As the first anniversary of the first national lockdown approaches, three Stone King partners have shared their thoughts on the impact of the Covid-19 pandemic on the charity and business sectors.
Reflecting on the past year, Tim Rutherford
, Head of Charity & Social Enterprise Sector Group commented; “We have seen charities continuing to develop more innovative and digital responses to the pandemic and lockdown, such as increasing online retail presence. This has led to charities needing advice on thorny issues such as data protection, privacy and online sales terms and conditions. It will be interesting to see if the wider effects of the pandemic on retail drive a greater trend towards charity shops being online as opposed to having a physical presence.
Of the financial impact, Tim said; “We have also been involved in advising charities on how to potentially derestrict endowment funds which, in some cases, are centuries old to enable charities to maximise their potential resources. It is clear that for many charities the financial challenges are being felt most keenly at the current time, as reserves have been drained, demand for services has increased but we are not yet able to return to normality.”
Julian Blake, partner in the Charity & Social Enterprise Team added; “In relation to the involvement of social enterprise and charities in public service provision, there has been a notable enhanced recognition of their value (as with the general appreciation of NHS workers). Commissioners describe this as the sector “stepping-up”, though it is more about increased collaborative endeavour and improved mutual understanding.”
Whilst Head of Business Sector Team, Peter Woodhouse
contrasted the pandemic’s devastating impact on some businesses - not least the retail, travel and hospitality sectors - with those who have thrived such as virtual platforms, home delivery services and businesses with lower or flexible fixed costs, his thoughts also turned to employee relations.
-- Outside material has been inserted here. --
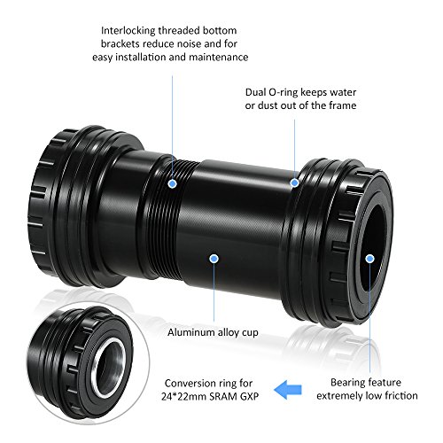 Compatibile con 24 * 24mm Shimano o 24 * 22mm SRAM GXP con un anello di conversione.

“Some employers have treated the crisis as an opportunity to improve communications with staff and to build trust. Businesses that have demonstrated that owners are sharing the pain and have discussed how to share it, are businesses that will emerge from the crisis with employee engagement credit.”
Looking to the future, he added; “The pandemic has forced society to operate differently. Some of those differences are good for people, good for performance and good for the planet. The businesses that will emerge stronger are those that can retain those differences long after the primary crisis has passed.”